Special Assistant for Health Affairs
- Incumbent
- Assumed office 22 April 2026
- Prime Minister: Tarique Rahman

Personal details
- Alma mater: Sher-e-Bangla Medical College, Umeå University
- Occupation: Politician

= S. M. Ziauddin Hyder =

Bangladeshi public health expert, nutritionist, development worker

S. M. Ziauddin Hyder is a Bangladeshi public health expert, nutritionist, development worker, teacher and politician. He has worked in public health, nutrition and development in various countries across Asia, Africa and South America for more than three decades. He served for many years as a senior health specialist at World Bank. In April 2026, he was appointed Special Assistant to the Prime Minister for Health Affairs with the rank of a state minister. He previously served as an adviser to the chairperson of Bangladesh Nationalist Party (BNP) and as a member of its election management committee.

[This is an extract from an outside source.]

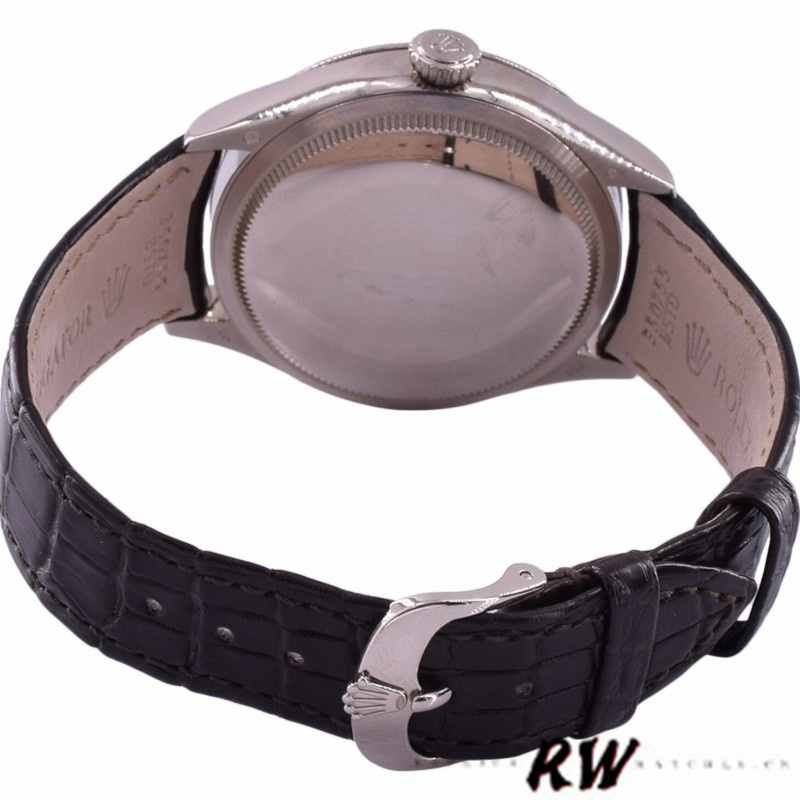 Rolex Cellini Date 50519 Brown Leather Silver Dial 39mm Mens Replica Watch has a white Gold 39 mm Round Case with Screw Down Crown and a White Gold Bezel.Scratch resistant sapphire crystal.Silver sunburst guilloche dial with raised polished baton hour markers. Fine printed minute/seconds track. Date subdial at 3 o”clock aperture. Brown Leather Bracelet will look great on your wrist with white gold tang buckle.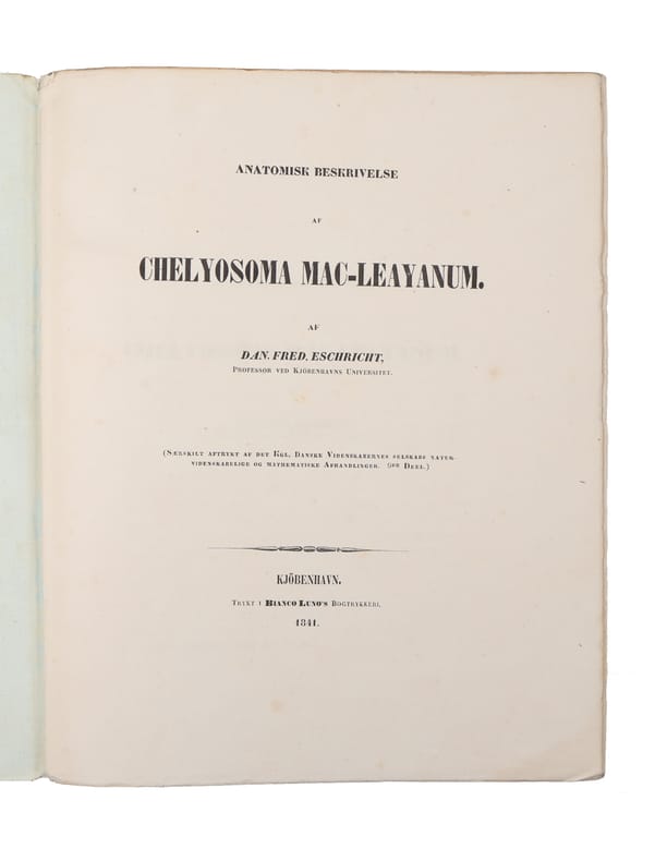 Kjöbenhavn, Bianco Luno, 1841. 4to. Uncut, unopened in the original blue boards. Offprint from ""Det Kgl. Danske Videnskabnes Selskab"", 9de Deel. A nice and clean copy. (2), 16 pp. + 1 plate.

==Early life and education==
He was born in Naikathi village of Jhalokathi Sadar Upazila. His father Hormuz Ali was a senior assistant secretary in Bangladesh government. He obtained his MBBS degree from Sher-e-Bangla Medical College. He later completed a master's degree in Food and Nutrition Planning from University of the Philippines. He received a PhD from Umeå University. His doctoral research focused on nutrition and epidemiology.

==Career==
As a public health specialist and development professional, Hyder worked for 30 years in 35 countries across Asia, Africa and South America on sustainable health, nutrition and development. He served as a senior health specialist at World Bank and was the cluster leader for health, nutrition and population programs in Cambodia and Laos until February 2024. He also taught at BRAC University and University of Toronto.

===Political career===
Hyder became involved in politics during his student years. He was a joint convener of first committee of Dhaka College Chhatra Dal. During 1980s, he served as a vice-president of Barisal District Chhatra Dal. He also served as president of Sher-e-Bangla Medical College Chhatra Dal.

After retiring from World Bank, he was appointed a member of BNP Chairperson's Advisory Council in March 2025. Later, during 13th general election, he was appointed a member of BNP's central election management committee.

==Appointment==
On 22 April 2026, Ministry of Public Administration issued a notification Special Assistant to the Prime Minister for Health Affairs with the rank of a state minister.

According to notification, he was appointed on a contractual basis and will serve from the date of joining until the expiration of the Prime Minister's term or until further notice, subject to the satisfaction of the Prime Minister.